**RECORD SET:**
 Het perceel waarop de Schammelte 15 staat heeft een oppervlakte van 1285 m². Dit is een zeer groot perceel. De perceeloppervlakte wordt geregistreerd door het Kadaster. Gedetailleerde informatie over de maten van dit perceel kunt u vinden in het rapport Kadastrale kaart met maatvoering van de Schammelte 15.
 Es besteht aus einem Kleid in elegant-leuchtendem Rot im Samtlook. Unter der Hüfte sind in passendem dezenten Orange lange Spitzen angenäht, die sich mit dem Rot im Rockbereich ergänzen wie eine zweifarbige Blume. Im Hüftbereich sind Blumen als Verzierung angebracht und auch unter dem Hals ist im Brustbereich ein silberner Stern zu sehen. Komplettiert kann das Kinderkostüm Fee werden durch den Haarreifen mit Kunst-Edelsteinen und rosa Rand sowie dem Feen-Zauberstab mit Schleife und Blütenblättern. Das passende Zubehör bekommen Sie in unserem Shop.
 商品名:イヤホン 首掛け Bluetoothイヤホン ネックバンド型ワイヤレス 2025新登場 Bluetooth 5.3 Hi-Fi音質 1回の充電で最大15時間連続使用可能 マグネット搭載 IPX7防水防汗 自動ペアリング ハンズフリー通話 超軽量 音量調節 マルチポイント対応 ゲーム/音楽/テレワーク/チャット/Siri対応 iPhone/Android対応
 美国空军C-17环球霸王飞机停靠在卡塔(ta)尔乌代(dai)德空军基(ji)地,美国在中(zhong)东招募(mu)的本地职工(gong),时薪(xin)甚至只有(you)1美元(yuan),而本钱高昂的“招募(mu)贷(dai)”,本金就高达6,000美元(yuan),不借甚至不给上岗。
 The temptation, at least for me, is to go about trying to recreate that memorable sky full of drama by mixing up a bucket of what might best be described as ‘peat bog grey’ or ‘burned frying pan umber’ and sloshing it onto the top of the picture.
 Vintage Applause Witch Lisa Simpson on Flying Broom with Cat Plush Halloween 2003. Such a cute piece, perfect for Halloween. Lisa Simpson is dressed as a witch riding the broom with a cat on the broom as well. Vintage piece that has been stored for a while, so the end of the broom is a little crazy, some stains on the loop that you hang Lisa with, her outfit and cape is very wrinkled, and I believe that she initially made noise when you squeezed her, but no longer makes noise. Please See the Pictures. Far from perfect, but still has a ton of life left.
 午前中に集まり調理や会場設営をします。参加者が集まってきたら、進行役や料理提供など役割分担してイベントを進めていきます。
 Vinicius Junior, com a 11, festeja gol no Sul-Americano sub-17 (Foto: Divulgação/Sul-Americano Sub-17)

**WORK REQUIRED:** Retype the records above exactly, from their first line through the line that contains "The temptation, at", and stop there.

**SOLUTION:**
 Het perceel waarop de Schammelte 15 staat heeft een oppervlakte van 1285 m². Dit is een zeer groot perceel. De perceeloppervlakte wordt geregistreerd door het Kadaster. Gedetailleerde informatie over de maten van dit perceel kunt u vinden in het rapport Kadastrale kaart met maatvoering van de Schammelte 15.
 Es besteht aus einem Kleid in elegant-leuchtendem Rot im Samtlook. Unter der Hüfte sind in passendem dezenten Orange lange Spitzen angenäht, die sich mit dem Rot im Rockbereich ergänzen wie eine zweifarbige Blume. Im Hüftbereich sind Blumen als Verzierung angebracht und auch unter dem Hals ist im Brustbereich ein silberner Stern zu sehen. Komplettiert kann das Kinderkostüm Fee werden durch den Haarreifen mit Kunst-Edelsteinen und rosa Rand sowie dem Feen-Zauberstab mit Schleife und Blütenblättern. Das passende Zubehör bekommen Sie in unserem Shop.
 商品名:イヤホン 首掛け Bluetoothイヤホン ネックバンド型ワイヤレス 2025新登場 Bluetooth 5.3 Hi-Fi音質 1回の充電で最大15時間連続使用可能 マグネット搭載 IPX7防水防汗 自動ペアリング ハンズフリー通話 超軽量 音量調節 マルチポイント対応 ゲーム/音楽/テレワーク/チャット/Siri対応 iPhone/Android対応
 美国空军C-17环球霸王飞机停靠在卡塔(ta)尔乌代(dai)德空军基(ji)地,美国在中(zhong)东招募(mu)的本地职工(gong),时薪(xin)甚至只有(you)1美元(yuan),而本钱高昂的“招募(mu)贷(dai)”,本金就高达6,000美元(yuan),不借甚至不给上岗。
 The temptation, at least for me, is to go about trying to recreate that memorable sky full of drama by mixing up a bucket of what might best be described as ‘peat bog grey’ or ‘burned frying pan umber’ and sloshing it onto the top of the picture.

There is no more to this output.